Histopathological verification of cSS observed on in vivo MRI in CAA cases. Top row: CSS (asterisk) was observed on an in vivo gradient echo MRI scan performed ∼7 years prior to death in an individual with a clinical diagnosis of probable CAA (Case 1) (A). On the ex vivo turbo spin echo MRI scan the same area was positive for cSS (B, asterisk). On the corresponding histopathological section, iron-positive deposits were observed in the subarachnoid space and superficial layers of the cortex (C). The insets reveal greater detail of the intracellular iron deposits (C′, arrows), corresponding to haemosiderin-containing macrophages on the adjacent haematoxylin and eosin-stained section (C′′, arrows). Bottom row: Disseminated cSS (asterisk) was observed on an in vivo gradient echo MRI scan performed ∼1.5 years prior to death in an individual with a clinical diagnosis of probable CAA (Case 11) (D). On the ex vivo turbo spin echo MRI scan the same area was positive for cSS (E, asterisk) (note the same enlarged perivascular space on the in vivo and ex vivo scan). On the corresponding histopathological section, iron-positive deposits were observed in the subarachnoid space and superficial layers of the cortex (F). The insets reveal greater detail of the intracellular iron deposits (F′, arrows), corresponding to haemosiderin-containing macrophages on the adjacent haematoxylin and eosin-stained section (F′′, arrows). GRE = gradient echo; H&E = haematoxylin and eosin; TSE = turbo spin echo.

Figure 2

Degree and pattern of cSS on MRI closely corresponds to degree and pattern of iron-positive deposits on histopathology. Top row: CSS (asterisk) was observed on an in vivo gradient echo MRI scan performed ∼1.5 years prior to death in an individual with a clinical diagnosis of probable CAA (Case 11) (A). On the ex vivo gradient echo scan varying degree of cSS can be observed (B), including subtle (number sign) and extensive (asterisk) hypointense signal (C). On gross examination of the formalin-fixed tissue, no visible alterations were observed in the area with subtle cSS (number sign), whereas orange discolouration was present in the superficial cortex in the area with extensive cSS (asterisk) (D). The degree of hypointense signal on MRI matched closely to the degree of iron-positive deposits on the corresponding histopathological sections (E and F).

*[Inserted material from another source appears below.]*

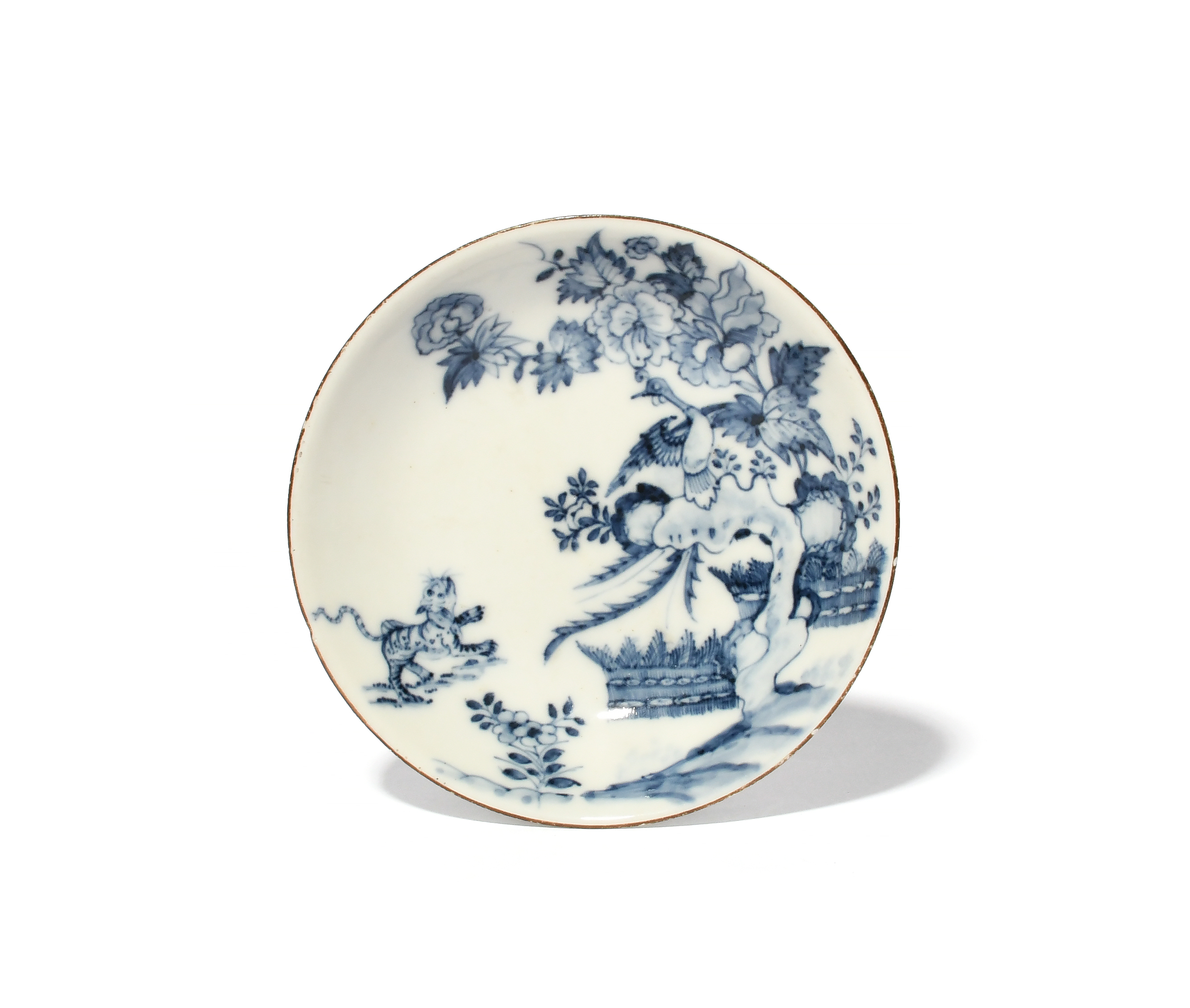 A rare Meissen blue and white saucer, c.1730, painted with a playful tiger running towards a long-tailed phoenix perched on flowering branches above banded hedges, brown line rim, blue crossed swords mark, impressed 54, 13.2cm.

The insets reveal greater detail of the degree of iron deposits, which was subtle and restricted to the subarachnoid space and pial surface in E′ and extensive and involving the superficial and deeper layers of the cortex in F′. Many reactive astrocytes were found in the area with extensive iron deposits (F′′), but not in the area with subtle iron deposits (E′′). Bottom row: No evidence of cSS was observed on in vivo gradient echo MRI performed ∼1 year prior to death in an individual with a clinical diagnosis of probable CAA (Case 6) (G) in the area (asterisk) corresponding to an area with cSS on ex vivo turbo spin echo MRI (H). On the ex vivo gradient echo scan cSS is subtle and only observed in the subarachnoid space (asterisk) (I). On gross examination of the formalin-fixed tissue, fresh blood was observed in the subarachnoid space of the sulcus (asterisk) (J), corresponding to intact red blood cells on haematoxylin and eosin (K). The insets reveal greater detail of the red blood cells in K′ (arrows), which were only mildly positive for iron (K′′, arrows). No reactive astrocytes were found in this area (K′′′). GRE = gradient echo; H&E = haematoxylin and eosin; TSE = turbo spin echo.

Figure 3

Moderate-to-severe cSS is associated with advanced leptomeningeal CAA and secondary tissue injury. A representative example of severe cSS as assessed on a Perls’ Prussian blue-stained section (A). Higher magnification of the area outlined with the small box in A, reveals greater detail of severe cSS (B). An adjacent section stained for GFAP revealed many reactive astrocytes in the superficial cortical layers in this area (C). Two cortical microinfarcts (indicated with solid arrows) were observed in the neighbouring cortical area (D, area corresponds to larger box in A). Note the presence of vessel-within-vessel pathology (indicated with broken arrows) in combination with severe CAA of the leptomeningeal vessels (D and E). Aβ = amyloid-β; H&E = haematoxylin and eosin.